Hind joined the Royal Astronomical Society on 13 Dec. 1844, acted as its foreign secretary 1847-57, and as president 1880-1881. In 1847 and 1851 respectively he was chosen a corresponding member of the Societe Philomathique and of the Academie des Sciences of Paris; he was a fellow of the Royal Society both of London and of Edinburgh, being elected to the former on 4 June 1863; the university of Glasgow conferred upon him an honorary degree of LL.D. in 1882, and the academies of St. Petersburg and of Lund inscribed him among their associates. He was thrice the recipient of the Lalande prize, and gold medals were conferred upon him by the Royal Astronomical Society in 1853 (besides an equivalent testimonial in 1848), by the Royal Society) and by the King of Denmark for his detection of the first comet of 1847; and his profile figured on the obverse of a medal struck by the French Institute in 1869 to commemorate the discovery of the hundredth asteroid. The bestowal of 100l. from the Royal Bounty Fund in 1851, and of a civil list pension of 200l. a year in 1852, more substantially rewarded his services to science.

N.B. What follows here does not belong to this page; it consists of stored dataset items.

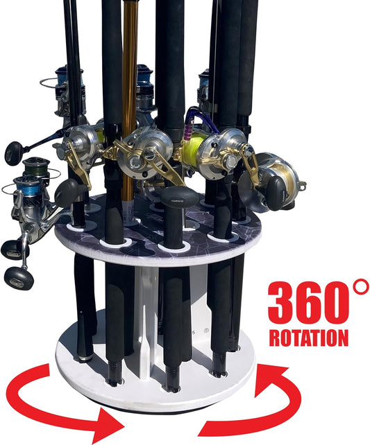 Waterproof Marine Grade 12 Spinning Fishing Rod Holder Dock/Garage Storage Rack, Gray/White
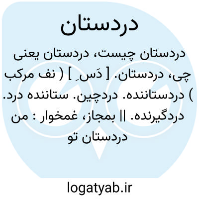 لغت نامه دهخدا دردستان. [ دَس ِ ] ( نف مرکب ) دردستاننده. دردچین. ستاننده درد. دردگیرنده. || بمجاز، غمخوار: من دردستان تو نهانی تو درد دل که می ستانی ؟نظامی.
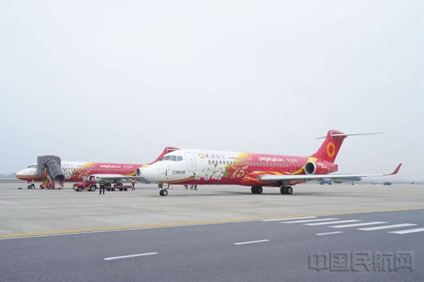 國產(chǎn)C909濕租給越捷航空后,投入越南國內(nèi)航線運行(中國商飛及成都航空供圖)
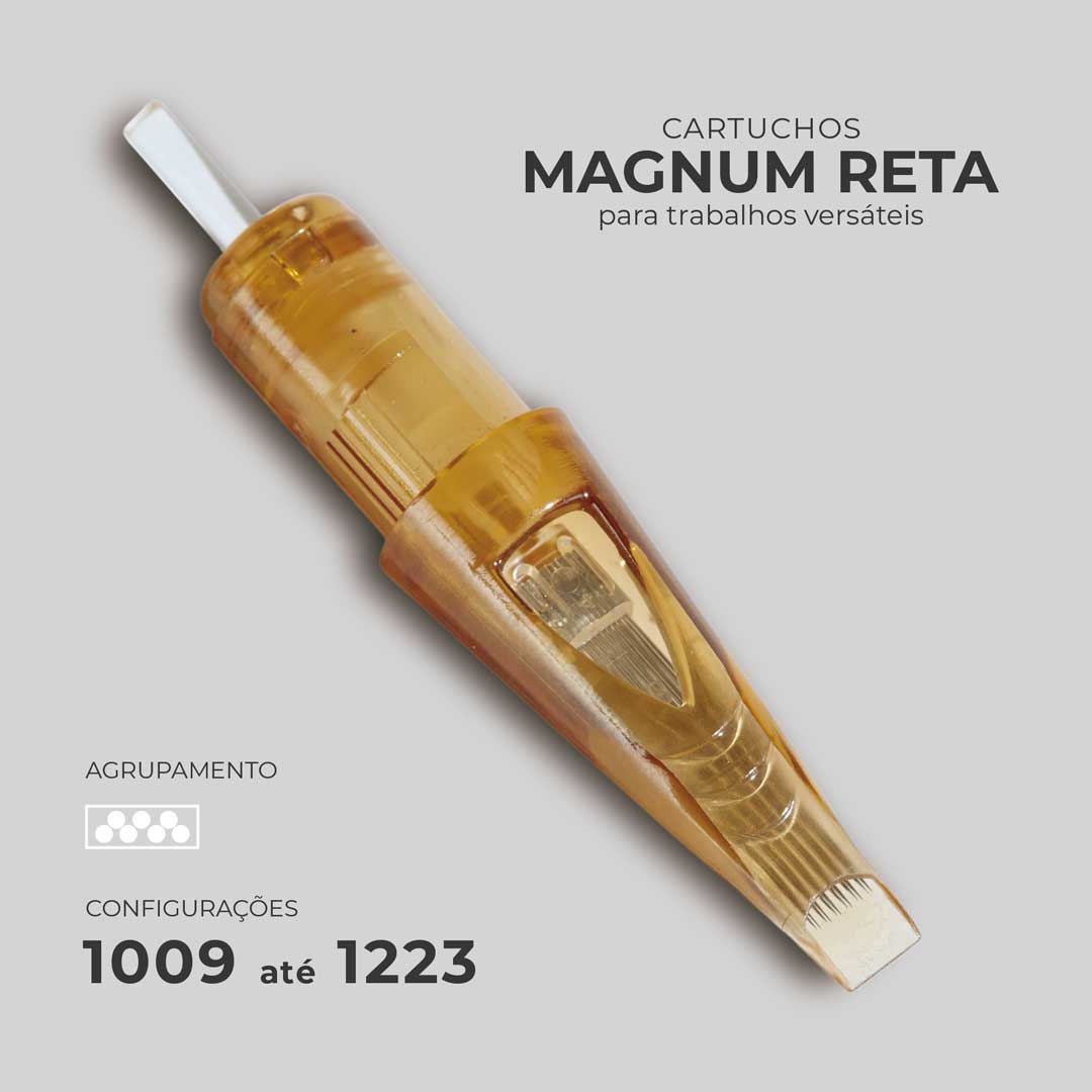 Os cartuchos Magnum são amplamente utilizados em tatuagens que exigem grandes preenchimentos com uniformidade e agilidade. São ideais para estilos como neo tradicional, old school e trabalhos em cores de grande escala, nos quais é necessário cobrir áreas extensas da pele de forma eficiente e com menor trauma.
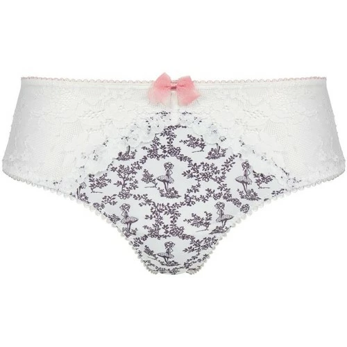 Microfibre imprimée esprit Toile de Jouy Dentelle florale élastiquée au style Vintage Nœud coloré à la taille Fond doublé d’un gousset 100% coton
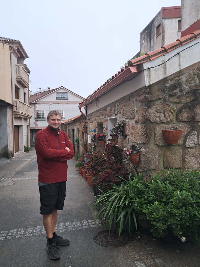 Кажуть, ми проходили іспанські Мальдіви, мабуть дуже красиві. Це коли ми вийшли до океану. У нас в той момент дощ був вертикальний з низу до неба. Та остання година була нескінченна. І навіть коли ми пройшли ту нескінченність, то виявилося що ще 40 хвилин йти. Але ж який був фантастичний фінал маршруту! Ми змучені, нескінченно мокрі та стомлені заходимо у номер, а там на нас чекає ванна! Ми набрали туди гарячої води і більше нічого для щастя потрібно не було. Ми зараз найщасливіші пілігрими у світі! Дякую каміно за цей сюрприз! У ванній ми просиділи максимально довго, відігрілися вже по повній. На кінець дня залишалася дрібниця, збігати в магазин через дорогу, купити картопляного пирога на вечерю. Проблема була в тому, що туди я ще проскочив, а ось у зворотному напрямку почалася злива максимальної потужності. Лише одна дорога відділяє мене від вхідних дверей готелю, а по вулиці, здається, зараз на човнах почнуть плавати. Але пиріг був дійсно смачний, ще й під гаспачо із хамоном.
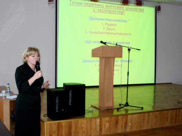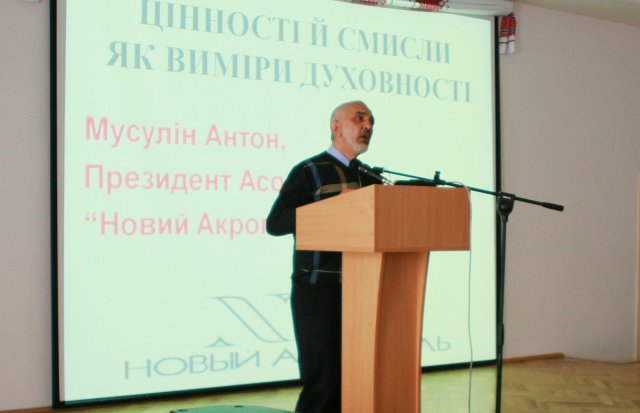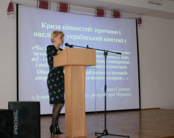З науковими доповідями виступили: старший викладач кафедри філософії Гуманітарного інституту Київського університету імені Бориса Грінченка, кандидат філософських наук Н.І.Семчук (доповідь “Криза цінностей: причини і наслідки: український контекст”); Президент Асоціації “Новий Акрополь” в Україні А.Мусулін (“Цінності й смисли як виміри духовності”); виконавчий директор ГО “Український наукових клуб” Н.І.Шульга (“Роль освіти у подоланні кризи цінностей”); заступник директора з наукової роботи Педагогічного інституту Київського університету імені Бориса Грінченка, кандидат педагогічних наук, доцент Г.В.Бєлєнька (“Трансформація цінностей у часопросторі “дитинство – юність”); психолог, професійний коуч, засновник та керівник Центру розвитку чоловіка і жінки “Епоха” А.Валенса (“Чоловіки та Жінки – конкурувати чи співпрацювати? (про хибні орієнтири сучасності)”); молодший науковий співробітник лабораторії психології мас та спільнот Інституту соціальної та політичної психології НАПН України В.Ю.Вінков (“Особливості сприймання громадсько-політичної інформації молоддю”); студентка І курсу спеціальності “Журналістика” Гуманітарного інституту Київського університету імені Бориса Грінченка Л.Нестеренко (доповідь “Ціннісно-смислові орієнтири студентів-грінченківців”).
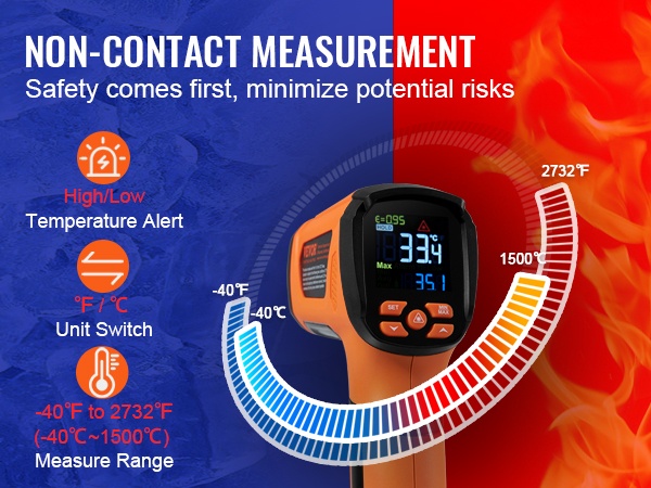 - Lämpötila-alue: -40°F – 2732°F / -40°C – 1500°C
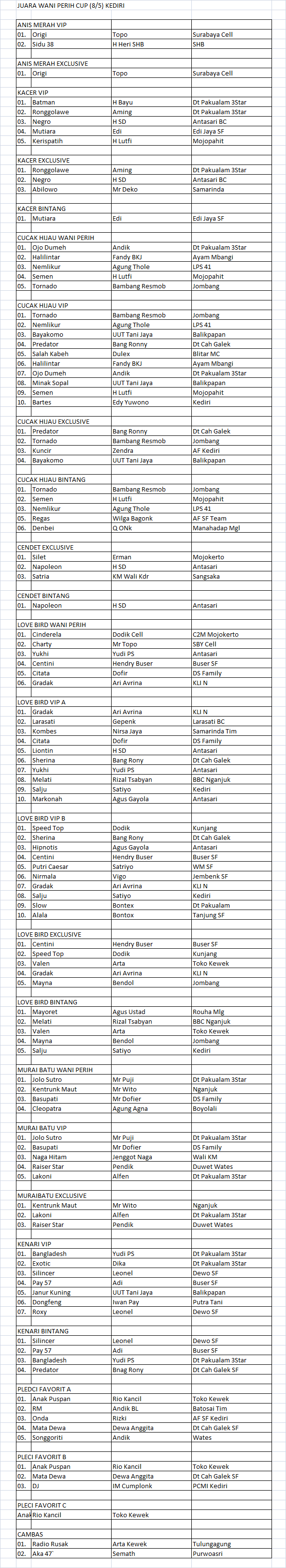 Hasil Lomba Burung
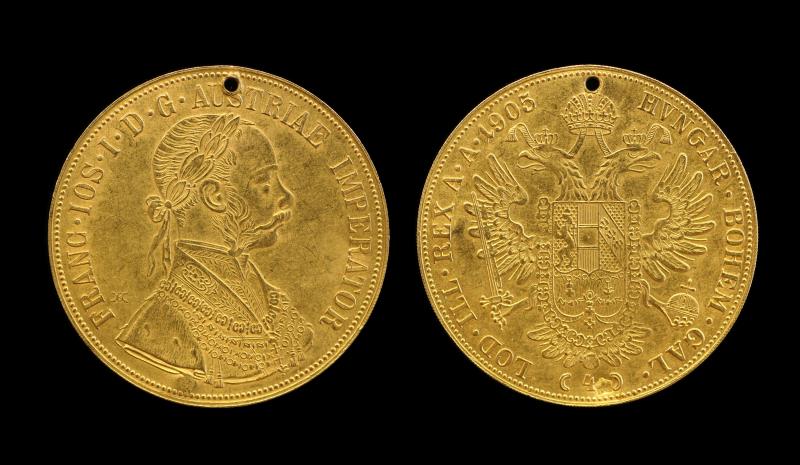 BULGARIA Bulgarian imitation of AUSTRIA 4 Ducat 1905, XO control mark on Obv, Crown countermark at lower Rev, N186091, imitating km2276, .917 gold and confirmed by XRF testing, .382 oz AGW, tone spot rev, pierced for ceremonial usage. EF

He wrote: 1. 'The Solar System, 'London, 1852. 2. 'An Introduction to Astronomy, to which is added an astronomical Vocabulary,' published in Bohn's 'Standard Library' in 1852, and in several subsequent editions. 3. 'The Comets: a Descriptive Treatise. With a Table of all the Calculated Orbits,' London, 1852; translated into German by J. H. Madler in 1854. 4. 'The Illustrated London Astronomy,' 1853. The great comet of 1556, of which he predicted the return in two pamphlets, first for the year 1848, then, perturbations being allowed for, about 1858, failed to verify either forecast. He, however, successfully traced the apparitions of Halley's comet back to 11 B.C., was a diligent student of Chinese cometary annals, and computed the orbits of forty-three comets, as well as of many asteroids and binary stars. Numerous communications from him were included in scientific collections, notably in the 'Monthly Notices' and the 'Astronomische Nachrichten,' and his letters to the 'Times' on astronomical occurrences appeared at intervals during forty years. The results of a comparison supervised by him of Burckhardt's and Hansen's Lunar Tables, 1847-65, formed an appendix to the 'Monthly Notices' for 1890, vol. 1.
[Monthly Notices Royal Astronomical Society, lvi. 200; Observatory, xix. 66, 89; Times, 24 Dec. 1895; Knowledge, xix. 63; Nature, liii. 201; Grant's History of Astronomy, p. 290; Clerke's Hist. of Astronomy during the Nineteenth Century; Wolf's Geschichte der Astronomie; André et Angot's L'Astronomie Pratique, i. 96; Addison's Roll of Glasgow Graduates, p. 267; Men of the Time, 1895; Royal Society's Catalogue of Scientific Papers.]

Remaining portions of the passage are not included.